WHAT IS EXPECTED
Below are some records. Say how many of their lines include the string "head", giving only the number.

--- DATA TO EXAMINE Enclosed Below ---

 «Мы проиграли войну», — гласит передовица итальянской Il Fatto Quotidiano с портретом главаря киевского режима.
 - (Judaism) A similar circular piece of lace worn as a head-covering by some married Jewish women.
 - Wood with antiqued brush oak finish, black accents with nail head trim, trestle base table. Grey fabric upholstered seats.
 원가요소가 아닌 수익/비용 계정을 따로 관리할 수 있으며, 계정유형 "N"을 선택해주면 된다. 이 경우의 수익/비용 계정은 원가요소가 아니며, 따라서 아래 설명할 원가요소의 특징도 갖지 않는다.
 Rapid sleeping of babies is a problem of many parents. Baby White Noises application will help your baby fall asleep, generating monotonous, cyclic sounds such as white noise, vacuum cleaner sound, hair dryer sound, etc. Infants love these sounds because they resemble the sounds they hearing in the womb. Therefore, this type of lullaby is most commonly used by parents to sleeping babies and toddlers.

--- End of Enclosed DATA TO EXAMINE ---
--- DATA TO EXAMINE Enclosed Below ---

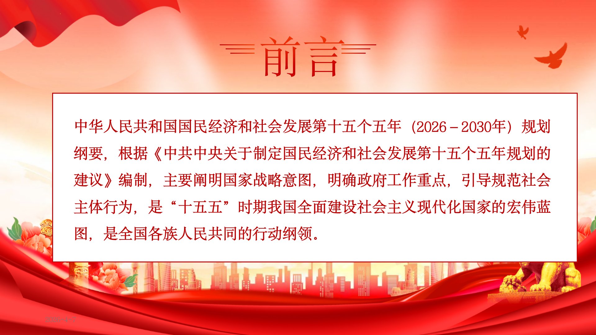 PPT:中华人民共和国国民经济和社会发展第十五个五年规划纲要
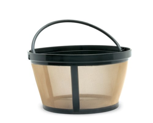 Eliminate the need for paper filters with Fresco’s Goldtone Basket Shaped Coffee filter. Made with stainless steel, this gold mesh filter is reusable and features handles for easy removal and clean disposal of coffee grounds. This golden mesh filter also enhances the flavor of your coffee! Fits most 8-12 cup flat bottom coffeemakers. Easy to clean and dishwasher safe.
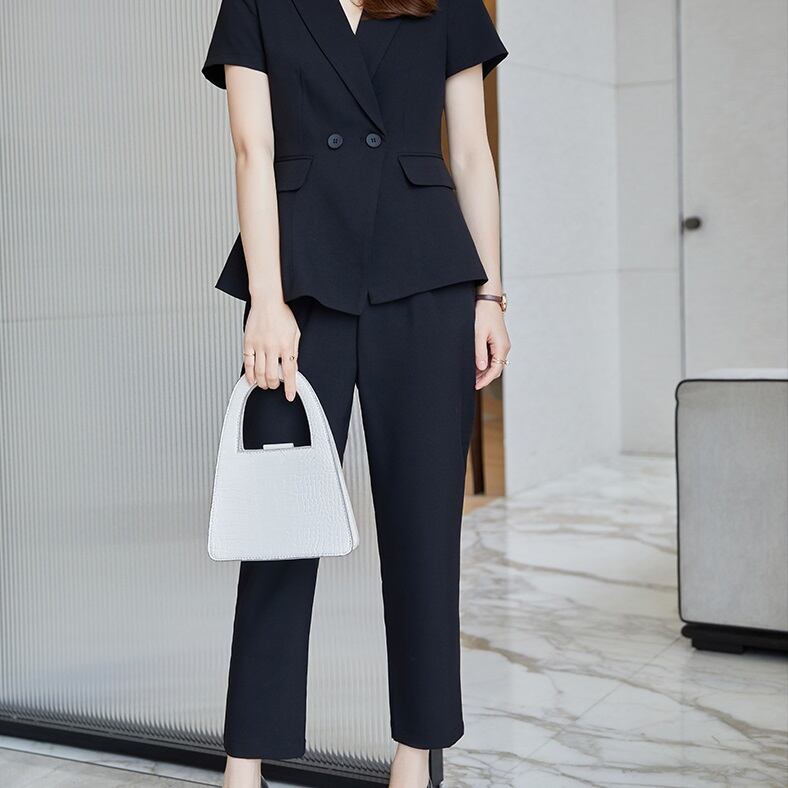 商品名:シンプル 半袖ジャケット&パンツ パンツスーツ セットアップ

--- End of Enclosed DATA TO EXAMINE ---

RESULT BELOW
2